What you write should match, word for word, the lines from the one containing "Bulgaria flag depicted" through the end of the data, with no pictures.

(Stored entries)
####
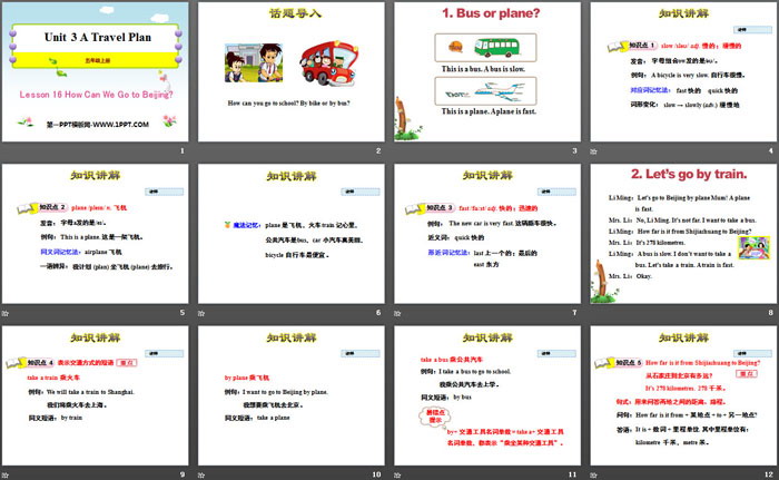 关键词:冀教版五年级上册英语PPT课件免费下载,How Can We Go to Beijing?PPT下载,A Travel PlanPPT下载,.PPT格式;
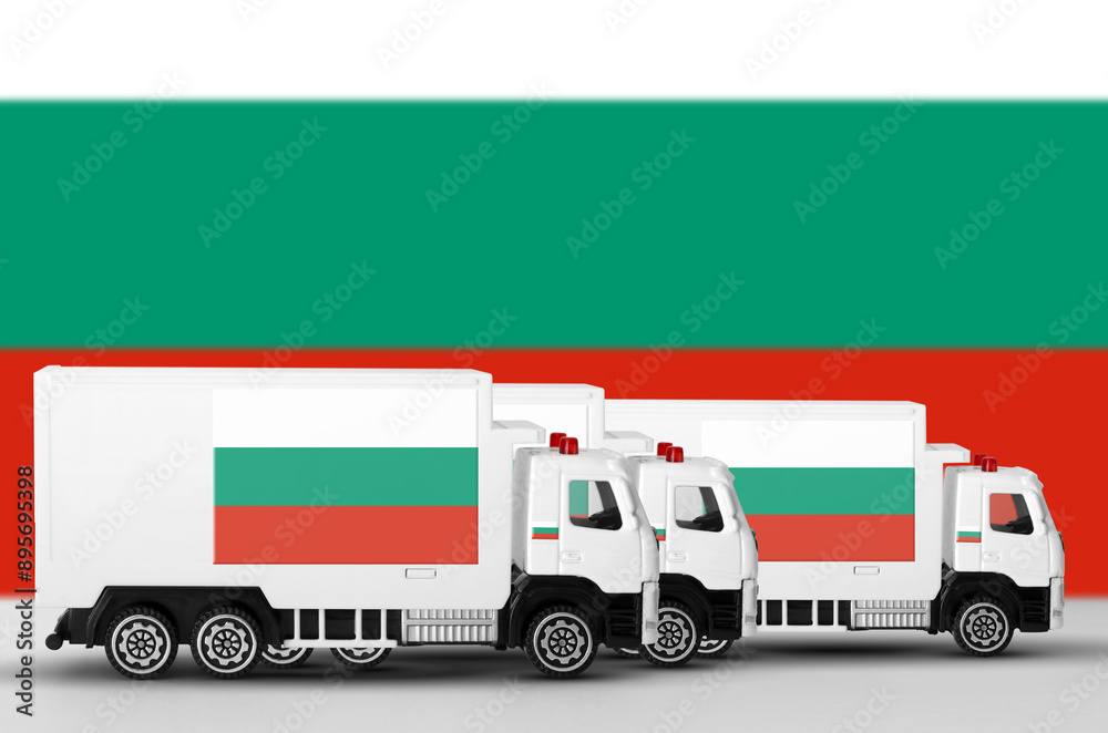 Bulgaria flag depicted on side wall of white delivery van close up. Shipping and local delivery concept
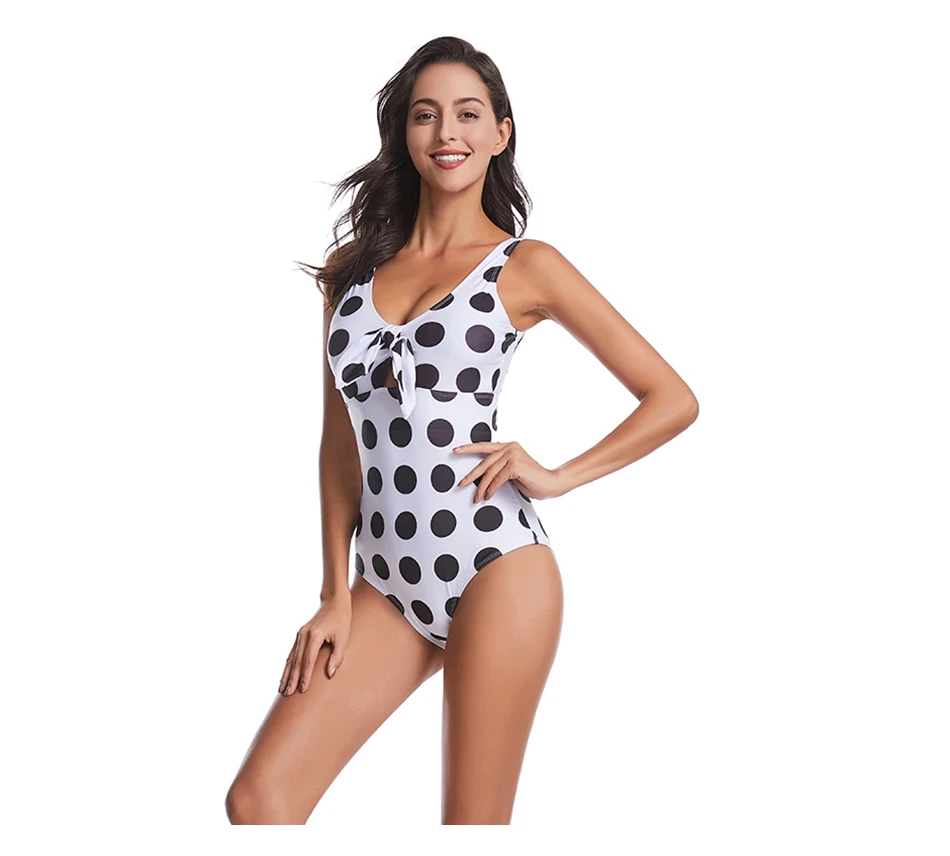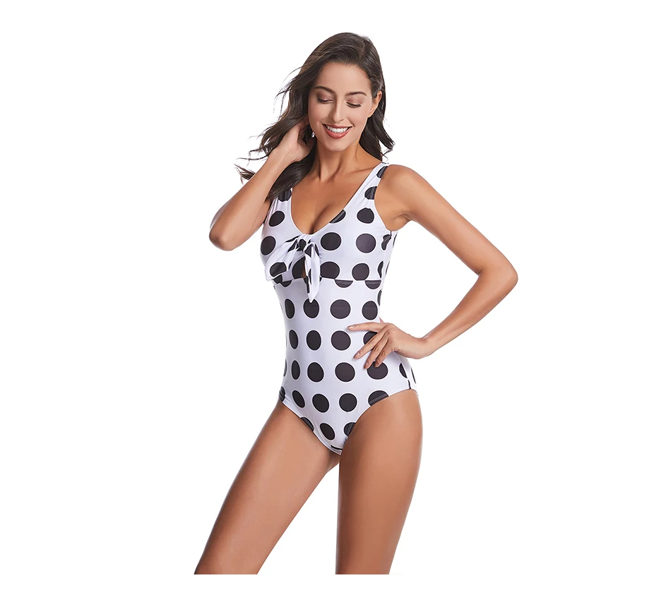 Женский Цельный купальник с узлом и бантом спереди 2020, цельный пуловер с круглым вырезом, купальный костюм для S-2XL и девочек, монокини в горошек
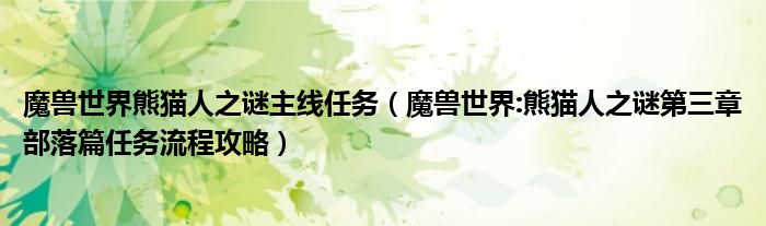 魔兽世界熊猫人之谜主线任务(魔兽世界:熊猫人之谜第三章部落篇任务流程攻略)
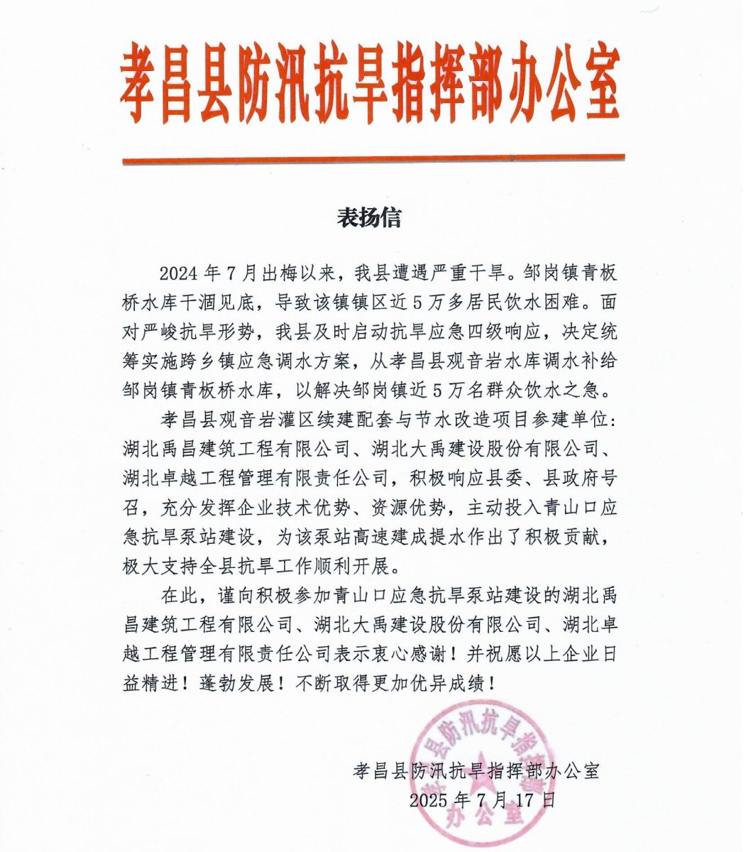7月17日,孝昌县防汛抗旱指挥部发布表扬信,对大禹公司积极响应县委、县政府的号召,发挥企业优势,主动投入到青山口应急抗旱站建设工作给予高度评价与充分肯定。
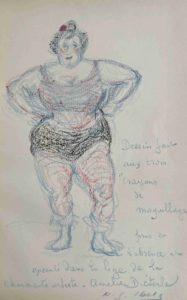 Enrichi d'un « dessin fait aux trois "crayons de maquillage" », exécuté depuis la loge d'Amélie Dieserle et signé par l'illustrateur.
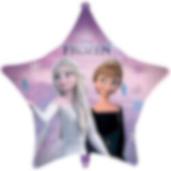 Fin stjerneformet folieballong i rosa nyanser med dobbeltsidig motiv av søstrene Anna og Elsa fra Disney's fantastiske film Frost. Morsom å blåse opp og pynte med til bursdagen.
####
- Response:
 Bulgaria flag depicted on side wall of white delivery van close up. Shipping and local delivery concept
 Женский Цельный купальник с узлом и бантом спереди 2020, цельный пуловер с круглым вырезом, купальный костюм для S-2XL и девочек, монокини в горошек
 魔兽世界熊猫人之谜主线任务(魔兽世界:熊猫人之谜第三章部落篇任务流程攻略)
7月17日,孝昌县防汛抗旱指挥部发布表扬信,对大禹公司积极响应县委、县政府的号召,发挥企业优势,主动投入到青山口应急抗旱站建设工作给予高度评价与充分肯定。
 Enrichi d'un « dessin fait aux trois "crayons de maquillage" », exécuté depuis la loge d'Amélie Dieserle et signé par l'illustrateur.
 Fin stjerneformet folieballong i rosa nyanser med dobbeltsidig motiv av søstrene Anna og Elsa fra Disney's fantastiske film Frost. Morsom å blåse opp og pynte med til bursdagen.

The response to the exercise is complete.